--- Data ---

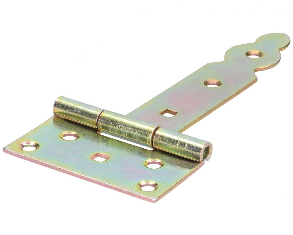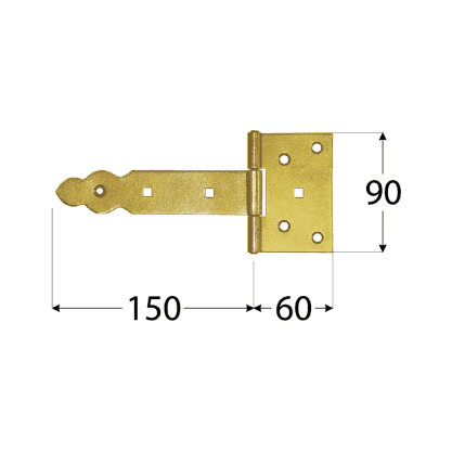 Spēcīga un izturīga dekoratīvā vārtu eņģe izmantošanai dažāda veida durvīs, vārtos un slēģos. Pārklāts ar galvaniskā cinka pārklājumu. Produkti, kas pārklāti ar šādu pārklājumu, ir paredzēti lietošanai sausās telpās ar iespēju periodiski pakļauties mitrumam (otrā lietošanas klase saskaņā ar PN-EN 1995-1-1: 2010). Izmērs 150 x 90 x 2.5 mm.
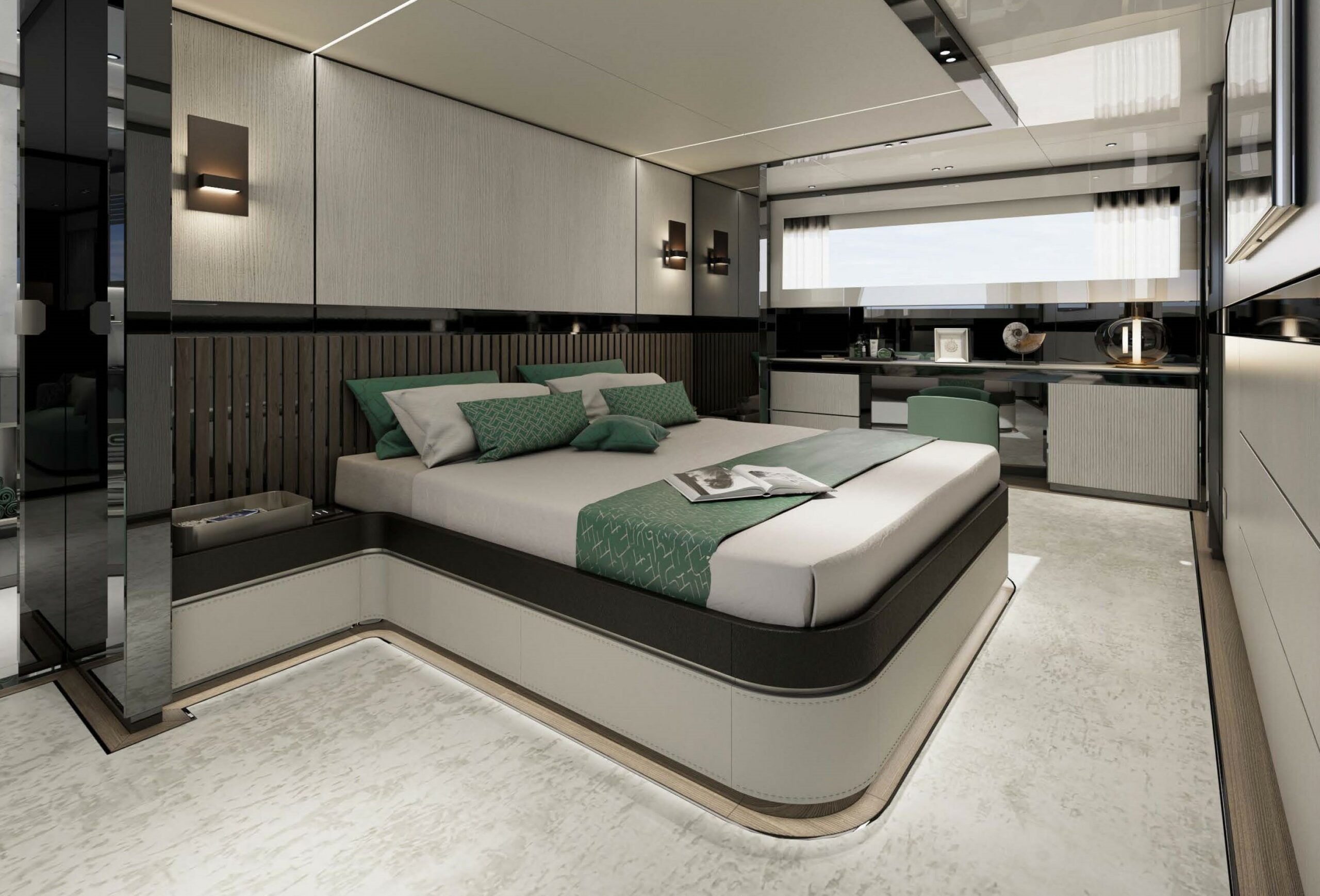 Situated on the Main deck, the Master cabin offers an elegant sanctuary, complete with a private study, a spacious walk-in wardrobe, and the indulgence of separate his and her bathrooms. Thoughtfully designed to blend luxury and functionality, this sophisticated suite provides a tranquil escape, perfectly suited for relaxation and privacy.
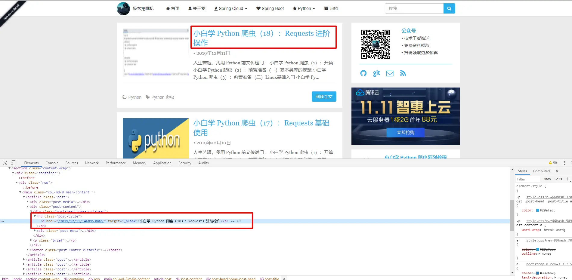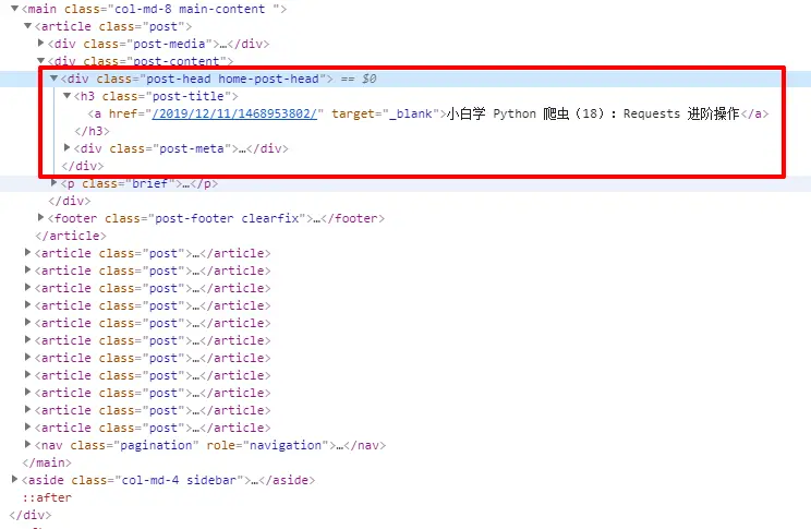 我们还是文章的题目为例,我们先获取所有的文章题目,再进行选择,示例代码如下:
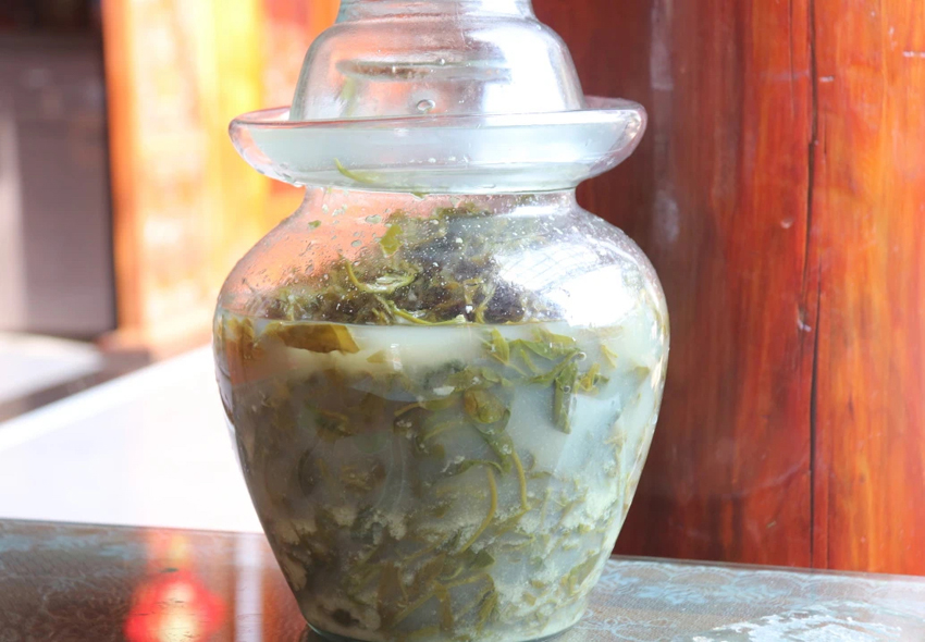 Selepas ditapai selama satu hingga dua minggu, kepahitan berubah menjadi rasa yang kaya. Makanan istimewa ini bukan sahaja menyelerakan dan menyegarkan, tetapi juga digandingkan dengan bahan lain dalam hidangan seperti salad sejuk, masakan bertumis dan sup.
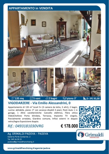 M 135 mq      E  5 vani   B 2 bagni    Upiano 3°       C D- iPE 95,00

---

:: Problem ::
Repeat each record exactly as shown above, dropping all images.

:: Expected answer ::
 Spēcīga un izturīga dekoratīvā vārtu eņģe izmantošanai dažāda veida durvīs, vārtos un slēģos. Pārklāts ar galvaniskā cinka pārklājumu. Produkti, kas pārklāti ar šādu pārklājumu, ir paredzēti lietošanai sausās telpās ar iespēju periodiski pakļauties mitrumam (otrā lietošanas klase saskaņā ar PN-EN 1995-1-1: 2010). Izmērs 150 x 90 x 2.5 mm.
 Situated on the Main deck, the Master cabin offers an elegant sanctuary, complete with a private study, a spacious walk-in wardrobe, and the indulgence of separate his and her bathrooms. Thoughtfully designed to blend luxury and functionality, this sophisticated suite provides a tranquil escape, perfectly suited for relaxation and privacy.
 我们还是文章的题目为例,我们先获取所有的文章题目,再进行选择,示例代码如下:
 Selepas ditapai selama satu hingga dua minggu, kepahitan berubah menjadi rasa yang kaya. Makanan istimewa ini bukan sahaja menyelerakan dan menyegarkan, tetapi juga digandingkan dengan bahan lain dalam hidangan seperti salad sejuk, masakan bertumis dan sup.
 M 135 mq      E  5 vani   B 2 bagni    Upiano 3°       C D- iPE 95,00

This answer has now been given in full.